→ **EXERCISE GOAL**
Return each entry below exactly. Skip the images.

(Records excerpted from a collection)
============

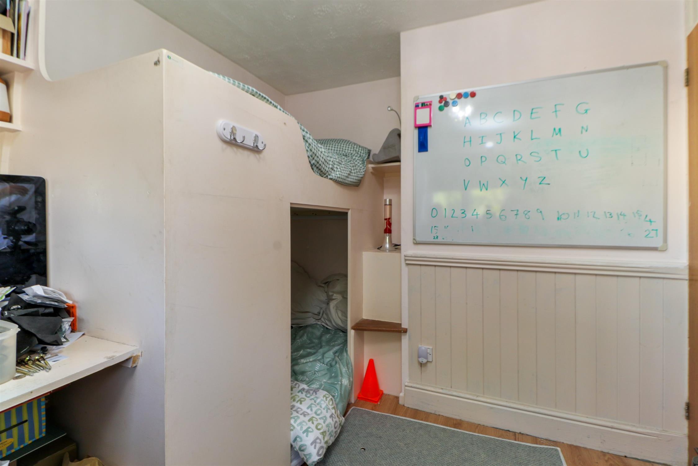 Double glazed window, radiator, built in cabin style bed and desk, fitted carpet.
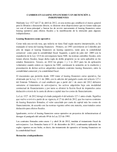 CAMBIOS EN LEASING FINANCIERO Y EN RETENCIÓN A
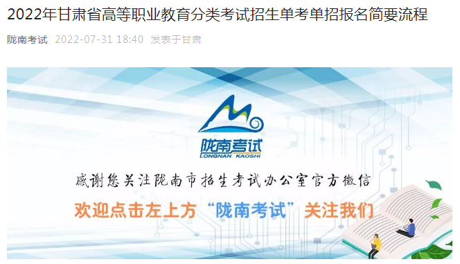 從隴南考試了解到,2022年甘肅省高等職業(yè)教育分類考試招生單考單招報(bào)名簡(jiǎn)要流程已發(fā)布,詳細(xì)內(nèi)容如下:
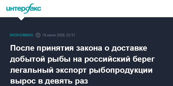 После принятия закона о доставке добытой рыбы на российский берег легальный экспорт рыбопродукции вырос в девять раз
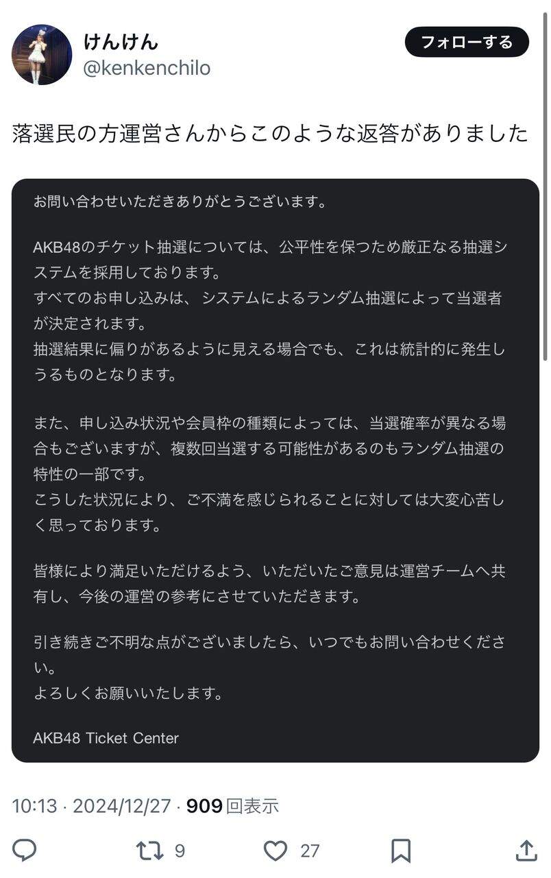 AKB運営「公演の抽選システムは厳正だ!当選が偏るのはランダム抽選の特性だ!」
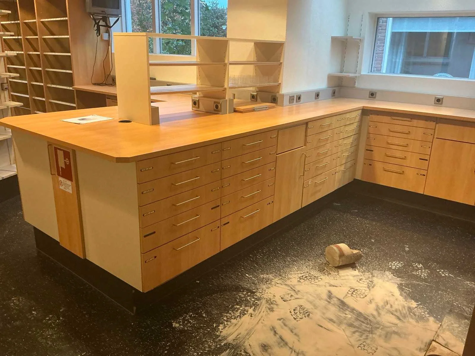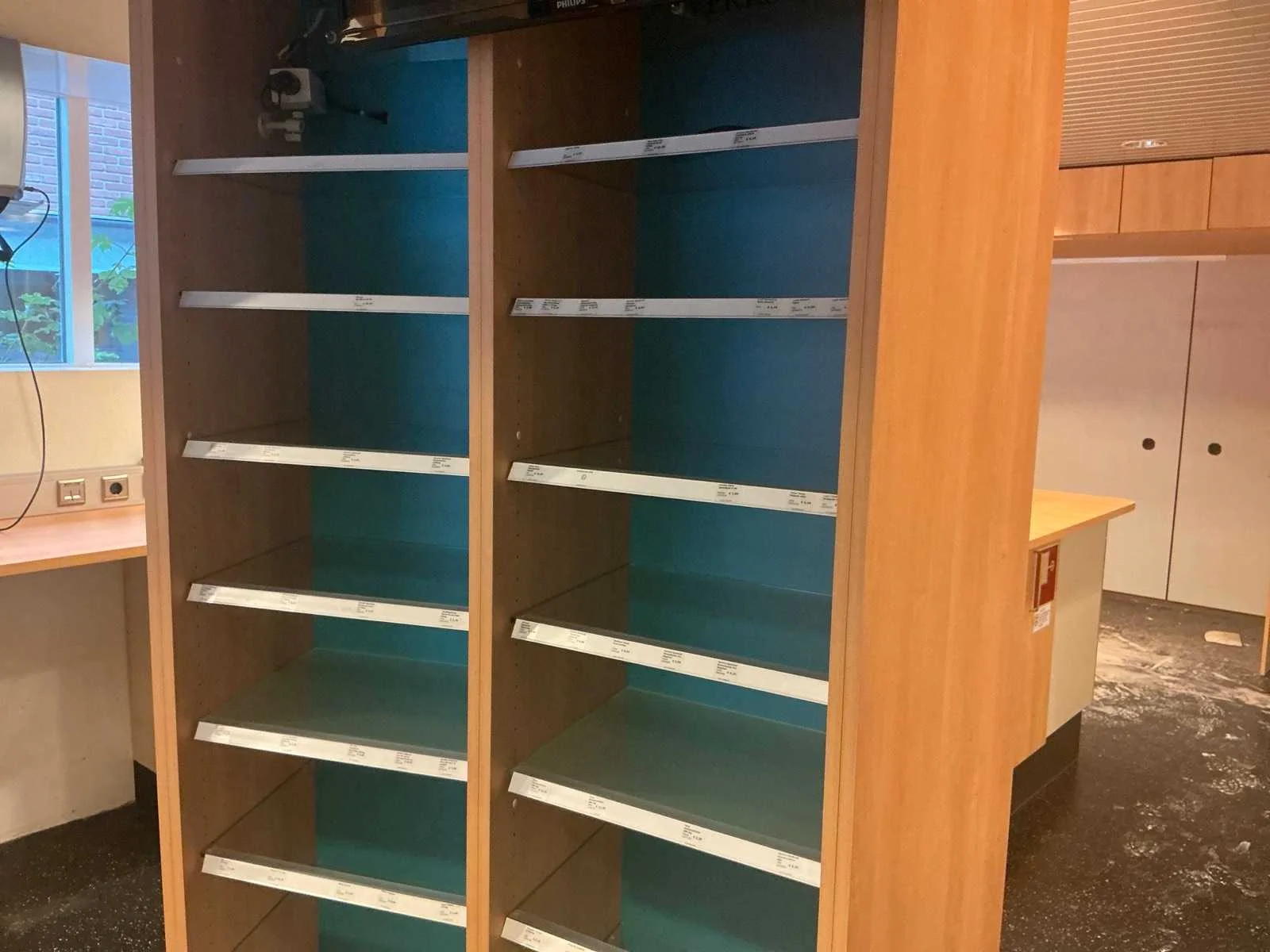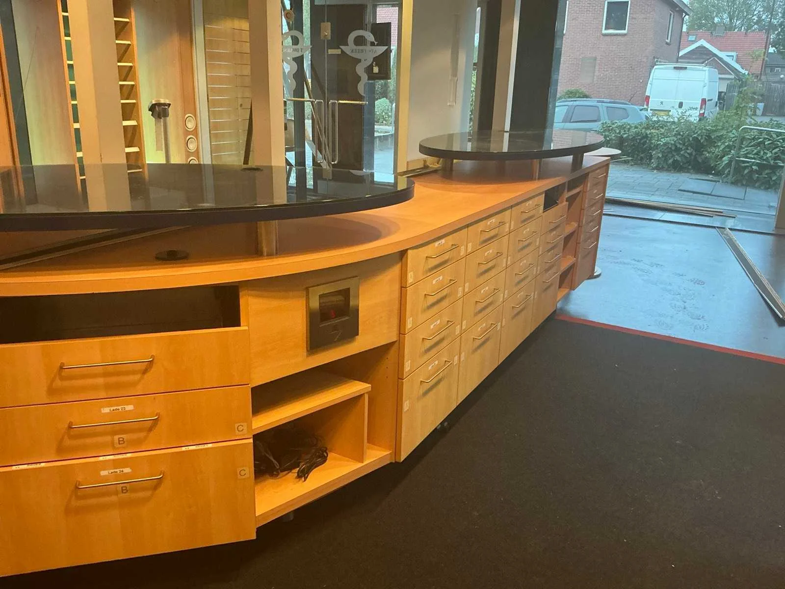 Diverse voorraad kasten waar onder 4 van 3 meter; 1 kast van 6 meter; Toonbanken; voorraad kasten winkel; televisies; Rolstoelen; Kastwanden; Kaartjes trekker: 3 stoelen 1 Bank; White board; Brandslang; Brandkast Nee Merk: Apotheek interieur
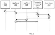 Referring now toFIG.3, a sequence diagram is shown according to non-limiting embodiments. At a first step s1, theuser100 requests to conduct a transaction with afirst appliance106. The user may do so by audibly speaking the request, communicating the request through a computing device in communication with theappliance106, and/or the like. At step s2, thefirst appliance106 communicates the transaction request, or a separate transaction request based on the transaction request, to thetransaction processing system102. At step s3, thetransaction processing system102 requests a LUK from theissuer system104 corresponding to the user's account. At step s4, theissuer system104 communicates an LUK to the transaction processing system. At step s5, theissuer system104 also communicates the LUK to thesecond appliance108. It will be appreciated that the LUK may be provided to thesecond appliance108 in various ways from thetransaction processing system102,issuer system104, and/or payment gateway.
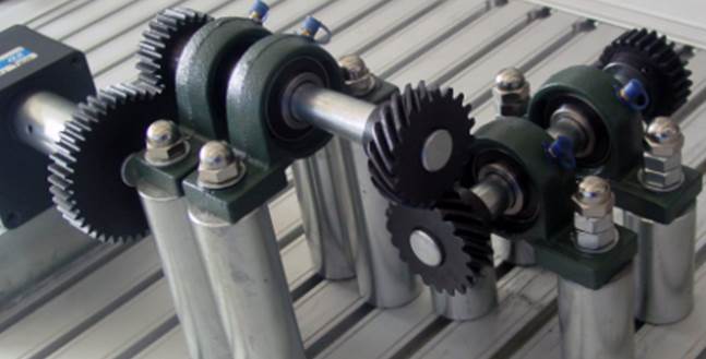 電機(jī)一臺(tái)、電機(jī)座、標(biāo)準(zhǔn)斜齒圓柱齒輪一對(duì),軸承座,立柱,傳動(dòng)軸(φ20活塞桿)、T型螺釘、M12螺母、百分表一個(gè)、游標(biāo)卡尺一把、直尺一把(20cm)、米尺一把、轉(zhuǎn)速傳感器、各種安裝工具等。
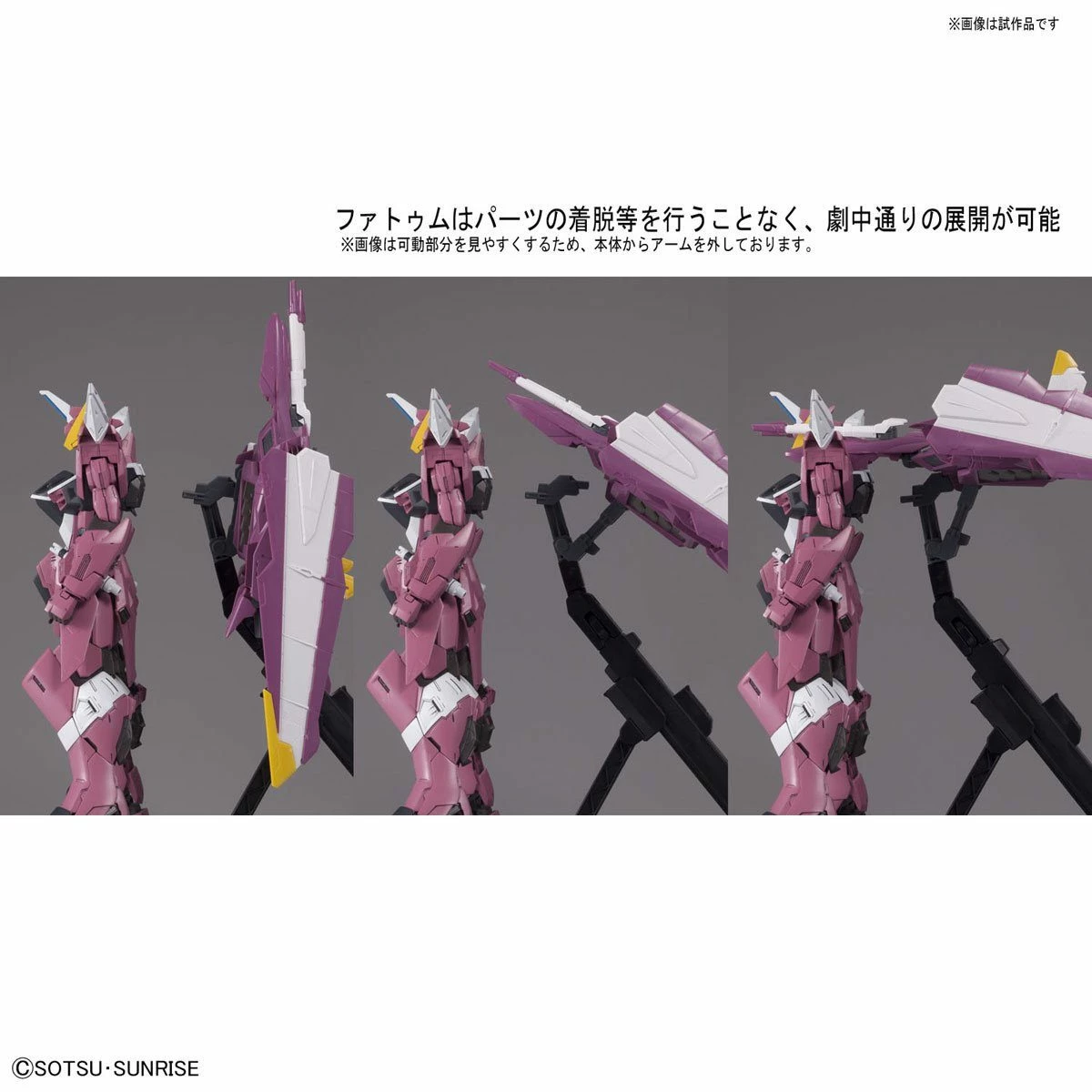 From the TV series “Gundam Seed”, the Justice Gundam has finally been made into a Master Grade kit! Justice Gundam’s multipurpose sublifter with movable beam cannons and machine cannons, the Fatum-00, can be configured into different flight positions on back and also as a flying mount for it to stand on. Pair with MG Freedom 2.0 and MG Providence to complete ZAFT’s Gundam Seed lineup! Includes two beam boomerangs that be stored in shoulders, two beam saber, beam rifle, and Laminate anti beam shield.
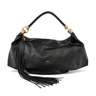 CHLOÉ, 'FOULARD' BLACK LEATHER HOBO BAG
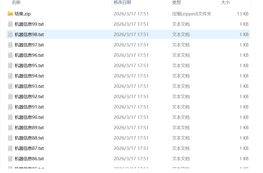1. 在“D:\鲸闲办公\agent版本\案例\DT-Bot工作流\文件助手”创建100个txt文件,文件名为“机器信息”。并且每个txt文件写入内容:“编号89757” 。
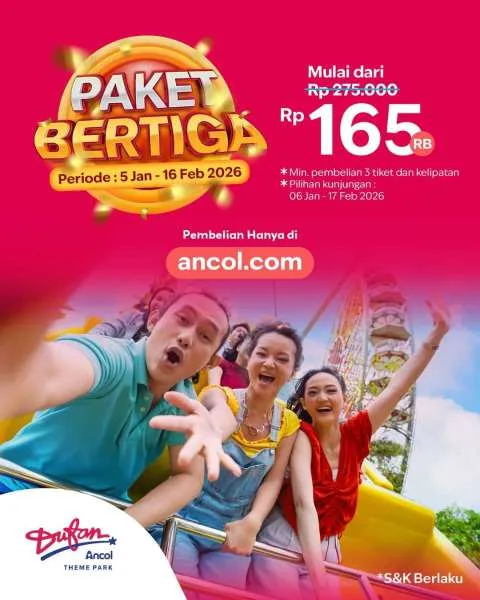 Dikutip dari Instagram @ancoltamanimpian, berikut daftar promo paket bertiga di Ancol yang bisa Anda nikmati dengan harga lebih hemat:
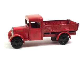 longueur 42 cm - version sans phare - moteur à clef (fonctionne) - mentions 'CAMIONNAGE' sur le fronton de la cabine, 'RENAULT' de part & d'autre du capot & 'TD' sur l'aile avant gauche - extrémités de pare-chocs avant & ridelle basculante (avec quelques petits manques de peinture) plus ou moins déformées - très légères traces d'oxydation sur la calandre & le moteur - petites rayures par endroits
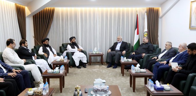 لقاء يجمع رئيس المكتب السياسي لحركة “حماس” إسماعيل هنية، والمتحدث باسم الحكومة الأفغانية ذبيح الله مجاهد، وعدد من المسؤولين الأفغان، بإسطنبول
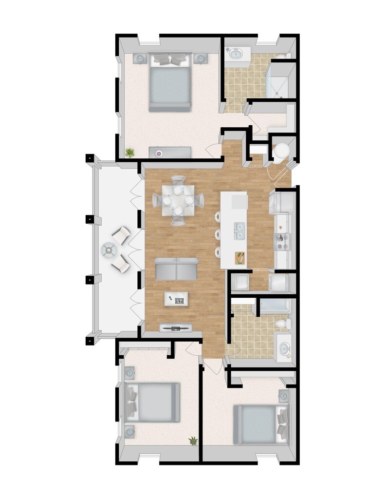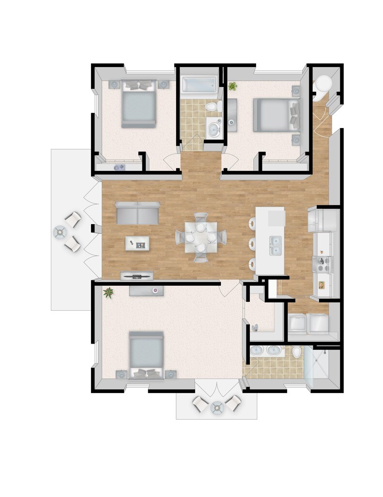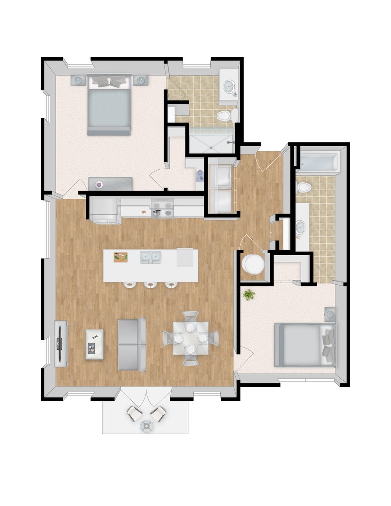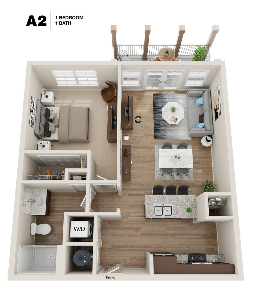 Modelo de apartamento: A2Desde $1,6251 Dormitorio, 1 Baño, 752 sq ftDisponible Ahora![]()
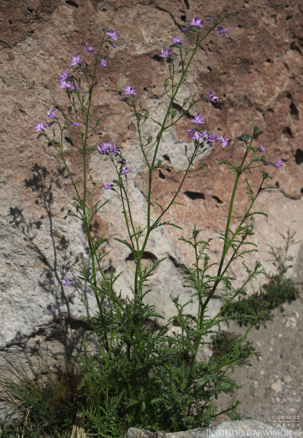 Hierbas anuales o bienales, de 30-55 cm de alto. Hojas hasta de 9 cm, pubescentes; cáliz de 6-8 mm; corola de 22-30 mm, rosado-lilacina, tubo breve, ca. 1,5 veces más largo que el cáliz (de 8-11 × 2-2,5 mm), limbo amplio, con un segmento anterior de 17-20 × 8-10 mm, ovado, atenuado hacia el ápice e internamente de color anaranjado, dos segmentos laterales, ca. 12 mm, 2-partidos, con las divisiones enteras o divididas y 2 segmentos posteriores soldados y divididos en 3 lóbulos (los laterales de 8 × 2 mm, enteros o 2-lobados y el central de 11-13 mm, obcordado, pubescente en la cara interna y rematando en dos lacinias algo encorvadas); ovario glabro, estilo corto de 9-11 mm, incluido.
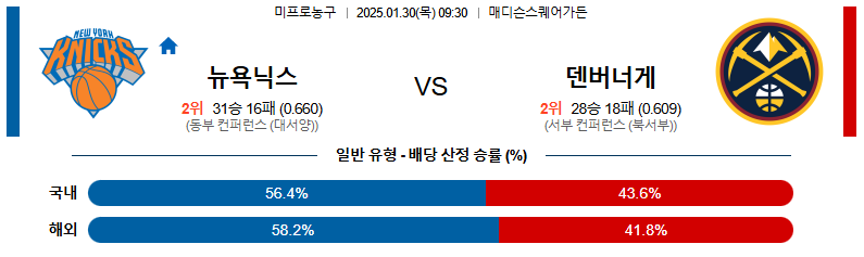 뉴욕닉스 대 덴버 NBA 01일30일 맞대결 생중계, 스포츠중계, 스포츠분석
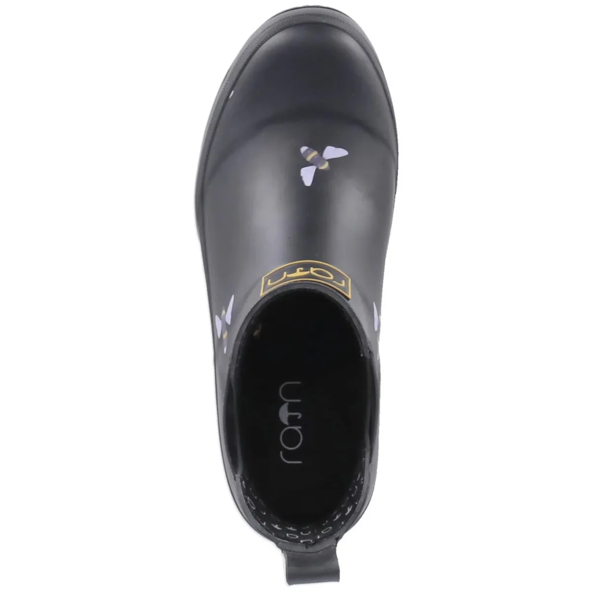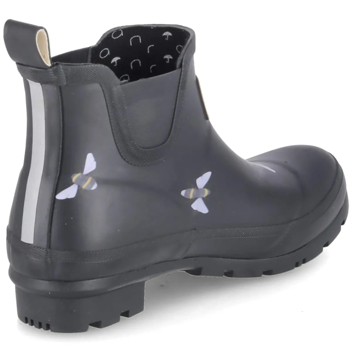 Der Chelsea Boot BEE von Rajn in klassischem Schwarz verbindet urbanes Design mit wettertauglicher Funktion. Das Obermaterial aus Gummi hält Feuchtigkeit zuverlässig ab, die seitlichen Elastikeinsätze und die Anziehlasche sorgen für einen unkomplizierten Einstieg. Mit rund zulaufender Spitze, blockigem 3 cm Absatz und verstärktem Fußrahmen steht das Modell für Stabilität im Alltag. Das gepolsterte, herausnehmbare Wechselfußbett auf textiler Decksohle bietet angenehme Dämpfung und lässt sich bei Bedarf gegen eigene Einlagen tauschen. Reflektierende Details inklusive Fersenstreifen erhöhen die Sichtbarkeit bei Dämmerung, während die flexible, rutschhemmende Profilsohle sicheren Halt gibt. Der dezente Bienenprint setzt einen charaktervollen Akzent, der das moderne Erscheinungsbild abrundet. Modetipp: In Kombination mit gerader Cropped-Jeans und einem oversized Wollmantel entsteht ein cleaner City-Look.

============

→ **SOLUTION TO THE PROBLEM**
 Double glazed window, radiator, built in cabin style bed and desk, fitted carpet.
 CAMBIOS EN LEASING FINANCIERO Y EN RETENCIÓN A
 從隴南考試了解到,2022年甘肅省高等職業(yè)教育分類考試招生單考單招報(bào)名簡(jiǎn)要流程已發(fā)布,詳細(xì)內(nèi)容如下:
 После принятия закона о доставке добытой рыбы на российский берег легальный экспорт рыбопродукции вырос в девять раз
 AKB運営「公演の抽選システムは厳正だ!当選が偏るのはランダム抽選の特性だ!」
 Diverse voorraad kasten waar onder 4 van 3 meter; 1 kast van 6 meter; Toonbanken; voorraad kasten winkel; televisies; Rolstoelen; Kastwanden; Kaartjes trekker: 3 stoelen 1 Bank; White board; Brandslang; Brandkast Nee Merk: Apotheek interieur
 Referring now toFIG.3, a sequence diagram is shown according to non-limiting embodiments. At a first step s1, theuser100 requests to conduct a transaction with afirst appliance106. The user may do so by audibly speaking the request, communicating the request through a computing device in communication with theappliance106, and/or the like. At step s2, thefirst appliance106 communicates the transaction request, or a separate transaction request based on the transaction request, to thetransaction processing system102. At step s3, thetransaction processing system102 requests a LUK from theissuer system104 corresponding to the user's account. At step s4, theissuer system104 communicates an LUK to the transaction processing system. At step s5, theissuer system104 also communicates the LUK to thesecond appliance108. It will be appreciated that the LUK may be provided to thesecond appliance108 in various ways from thetransaction processing system102,issuer system104, and/or payment gateway.
 電機(jī)一臺(tái)、電機(jī)座、標(biāo)準(zhǔn)斜齒圓柱齒輪一對(duì),軸承座,立柱,傳動(dòng)軸(φ20活塞桿)、T型螺釘、M12螺母、百分表一個(gè)、游標(biāo)卡尺一把、直尺一把(20cm)、米尺一把、轉(zhuǎn)速傳感器、各種安裝工具等。
 From the TV series “Gundam Seed”, the Justice Gundam has finally been made into a Master Grade kit! Justice Gundam’s multipurpose sublifter with movable beam cannons and machine cannons, the Fatum-00, can be configured into different flight positions on back and also as a flying mount for it to stand on. Pair with MG Freedom 2.0 and MG Providence to complete ZAFT’s Gundam Seed lineup! Includes two beam boomerangs that be stored in shoulders, two beam saber, beam rifle, and Laminate anti beam shield.
 CHLOÉ, 'FOULARD' BLACK LEATHER HOBO BAG
1. 在“D:\鲸闲办公\agent版本\案例\DT-Bot工作流\文件助手”创建100个txt文件,文件名为“机器信息”。并且每个txt文件写入内容:“编号89757” 。
 Dikutip dari Instagram @ancoltamanimpian, berikut daftar promo paket bertiga di Ancol yang bisa Anda nikmati dengan harga lebih hemat:
 longueur 42 cm - version sans phare - moteur à clef (fonctionne) - mentions 'CAMIONNAGE' sur le fronton de la cabine, 'RENAULT' de part & d'autre du capot & 'TD' sur l'aile avant gauche - extrémités de pare-chocs avant & ridelle basculante (avec quelques petits manques de peinture) plus ou moins déformées - très légères traces d'oxydation sur la calandre & le moteur - petites rayures par endroits
 لقاء يجمع رئيس المكتب السياسي لحركة “حماس” إسماعيل هنية، والمتحدث باسم الحكومة الأفغانية ذبيح الله مجاهد، وعدد من المسؤولين الأفغان، بإسطنبول
 Modelo de apartamento: A2Desde $1,6251 Dormitorio, 1 Baño, 752 sq ftDisponible Ahora![]()
 Hierbas anuales o bienales, de 30-55 cm de alto. Hojas hasta de 9 cm, pubescentes; cáliz de 6-8 mm; corola de 22-30 mm, rosado-lilacina, tubo breve, ca. 1,5 veces más largo que el cáliz (de 8-11 × 2-2,5 mm), limbo amplio, con un segmento anterior de 17-20 × 8-10 mm, ovado, atenuado hacia el ápice e internamente de color anaranjado, dos segmentos laterales, ca. 12 mm, 2-partidos, con las divisiones enteras o divididas y 2 segmentos posteriores soldados y divididos en 3 lóbulos (los laterales de 8 × 2 mm, enteros o 2-lobados y el central de 11-13 mm, obcordado, pubescente en la cara interna y rematando en dos lacinias algo encorvadas); ovario glabro, estilo corto de 9-11 mm, incluido.
 뉴욕닉스 대 덴버 NBA 01일30일 맞대결 생중계, 스포츠중계, 스포츠분석
 Der Chelsea Boot BEE von Rajn in klassischem Schwarz verbindet urbanes Design mit wettertauglicher Funktion. Das Obermaterial aus Gummi hält Feuchtigkeit zuverlässig ab, die seitlichen Elastikeinsätze und die Anziehlasche sorgen für einen unkomplizierten Einstieg. Mit rund zulaufender Spitze, blockigem 3 cm Absatz und verstärktem Fußrahmen steht das Modell für Stabilität im Alltag. Das gepolsterte, herausnehmbare Wechselfußbett auf textiler Decksohle bietet angenehme Dämpfung und lässt sich bei Bedarf gegen eigene Einlagen tauschen. Reflektierende Details inklusive Fersenstreifen erhöhen die Sichtbarkeit bei Dämmerung, während die flexible, rutschhemmende Profilsohle sicheren Halt gibt. Der dezente Bienenprint setzt einen charaktervollen Akzent, der das moderne Erscheinungsbild abrundet. Modetipp: In Kombination mit gerader Cropped-Jeans und einem oversized Wollmantel entsteht ein cleaner City-Look.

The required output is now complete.